**Input records:**
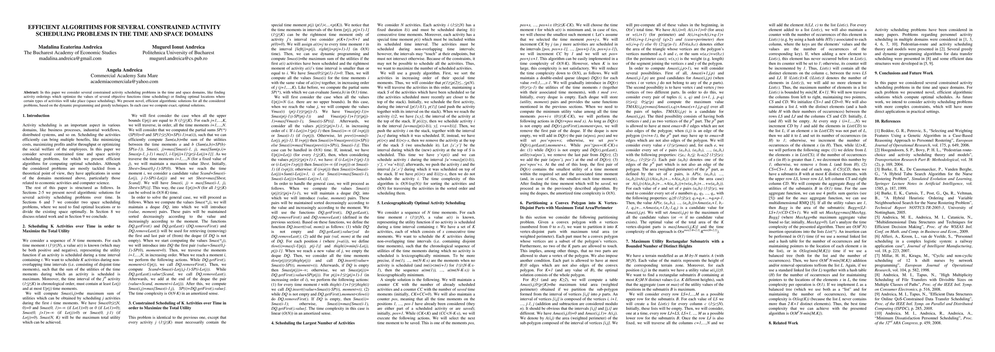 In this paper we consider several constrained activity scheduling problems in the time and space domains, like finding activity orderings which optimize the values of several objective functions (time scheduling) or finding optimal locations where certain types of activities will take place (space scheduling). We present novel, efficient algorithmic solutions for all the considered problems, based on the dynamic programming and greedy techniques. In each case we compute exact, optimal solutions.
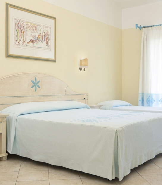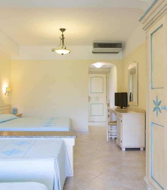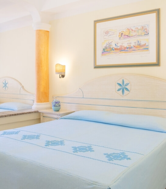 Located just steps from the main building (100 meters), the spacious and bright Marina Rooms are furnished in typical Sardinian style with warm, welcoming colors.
==
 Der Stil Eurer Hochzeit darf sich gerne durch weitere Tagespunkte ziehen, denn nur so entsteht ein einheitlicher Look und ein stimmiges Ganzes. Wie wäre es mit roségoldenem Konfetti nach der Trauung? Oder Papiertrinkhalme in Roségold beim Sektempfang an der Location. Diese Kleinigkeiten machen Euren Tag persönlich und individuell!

**Your objective:**
The reply should hold the entries above from the line with "In this paper" to the line with "Located just steps", duplicated exactly, pictures excluded.

**Task result:**
 In this paper we consider several constrained activity scheduling problems in the time and space domains, like finding activity orderings which optimize the values of several objective functions (time scheduling) or finding optimal locations where certain types of activities will take place (space scheduling). We present novel, efficient algorithmic solutions for all the considered problems, based on the dynamic programming and greedy techniques. In each case we compute exact, optimal solutions.
 Located just steps from the main building (100 meters), the spacious and bright Marina Rooms are furnished in typical Sardinian style with warm, welcoming colors.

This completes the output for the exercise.